**Data segment:**
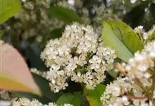 石楠 Kalkman),是蔷薇科石楠属的常绿乔木,高5~12米,株型紧凑,树冠圆球形。树枝为褐灰色;鳞片为褐色,没有毛;叶片革质,长椭圆至侧卵状椭圆形,有锯齿,新叶红色光亮。复伞房花序,白色小花,…全部>>
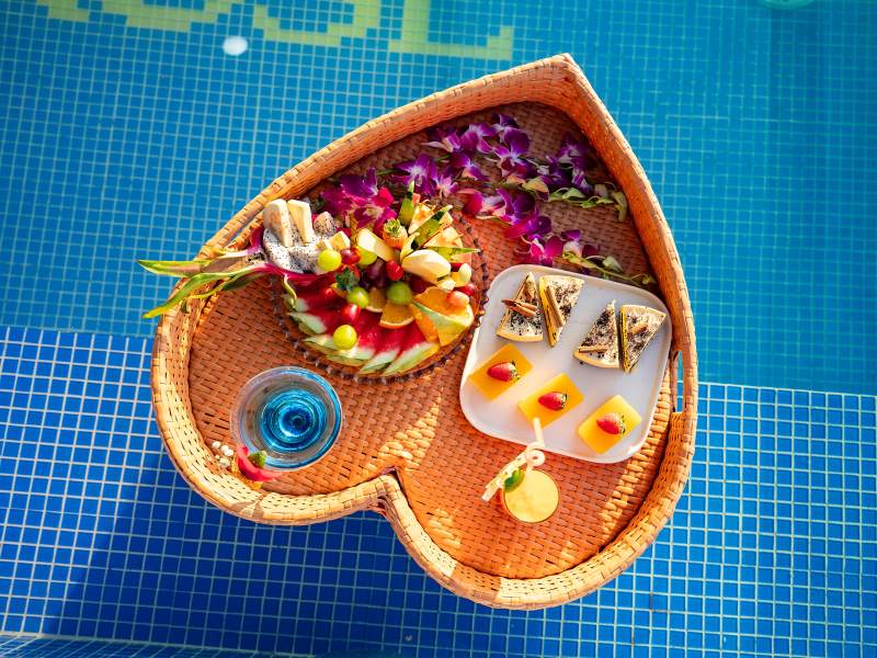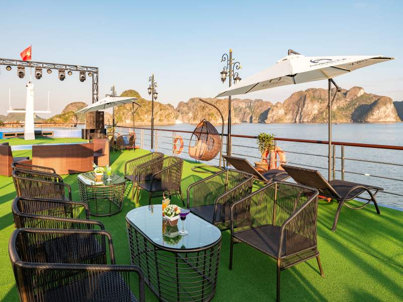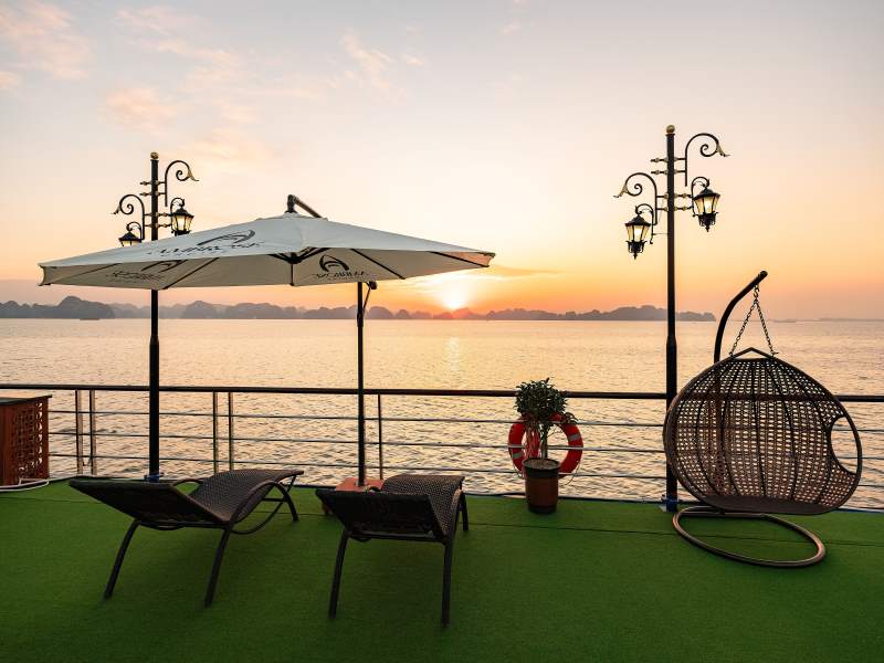 16:30 After that, you will get back to the cruise and be ready for our Sunset Party. Vietnamese tea, cake, fresh fruits, and snacks will be served when you're relaxing on the sundeck or in the infinity pool. The cruise will pass by the islands of Ha Long Bay on the way back.
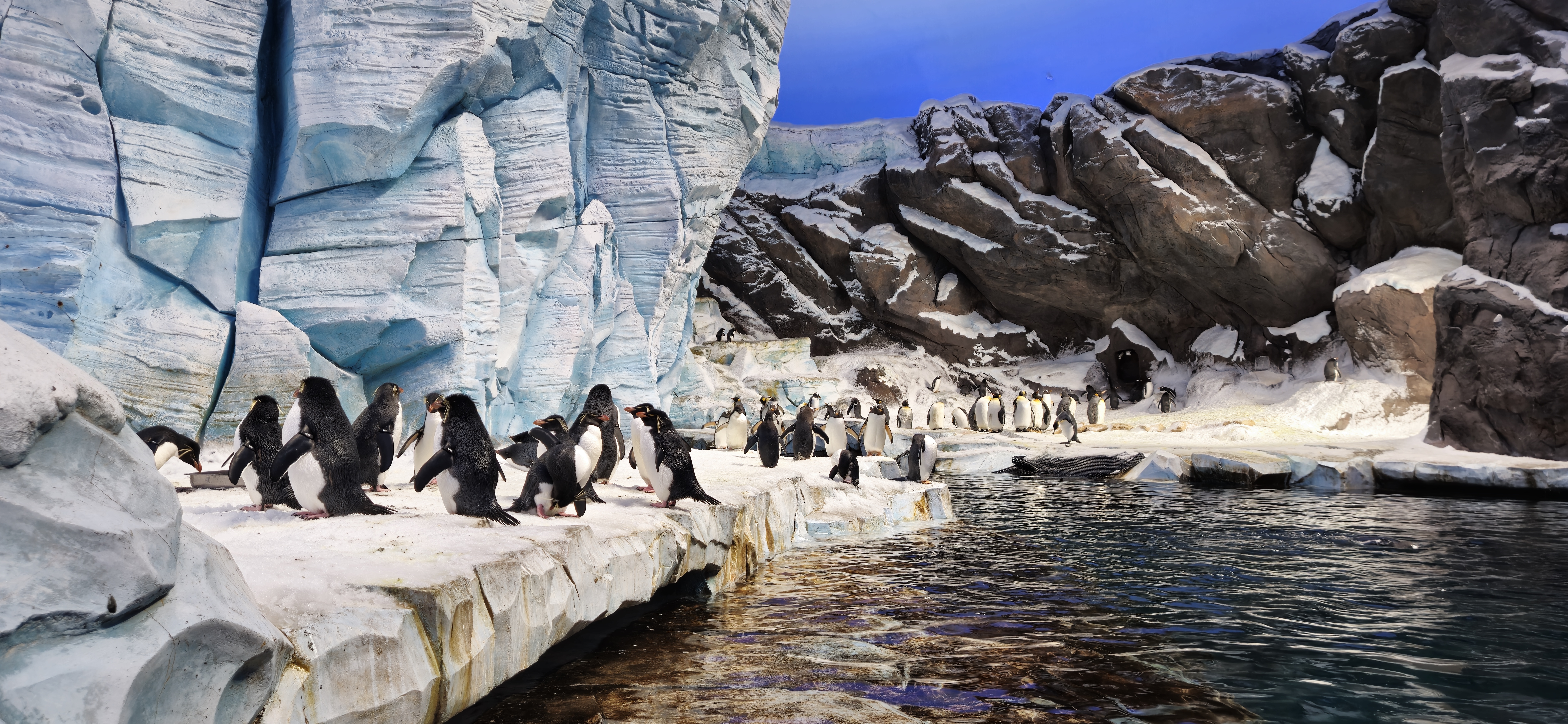 Aus dem "Arctic Ocean" geht es direkt über den "Polar Ocean" und die "Antarctica". Hier ist es kalt, in kurzer Kleidung verweilt man, vor allem in der Arktis nicht sehr lange. Der Grund für die Kälte ist das echte Eis und der echte Schnee, schließlich mögen es die hier beheimateten Pinguine gerne kalt.

**About this exercise:**
Whenever images occur above, omit them and retype each line exactly as it stands.

**Written reply:**
 石楠 Kalkman),是蔷薇科石楠属的常绿乔木,高5~12米,株型紧凑,树冠圆球形。树枝为褐灰色;鳞片为褐色,没有毛;叶片革质,长椭圆至侧卵状椭圆形,有锯齿,新叶红色光亮。复伞房花序,白色小花,…全部>>
 16:30 After that, you will get back to the cruise and be ready for our Sunset Party. Vietnamese tea, cake, fresh fruits, and snacks will be served when you're relaxing on the sundeck or in the infinity pool. The cruise will pass by the islands of Ha Long Bay on the way back.
 Aus dem "Arctic Ocean" geht es direkt über den "Polar Ocean" und die "Antarctica". Hier ist es kalt, in kurzer Kleidung verweilt man, vor allem in der Arktis nicht sehr lange. Der Grund für die Kälte ist das echte Eis und der echte Schnee, schließlich mögen es die hier beheimateten Pinguine gerne kalt.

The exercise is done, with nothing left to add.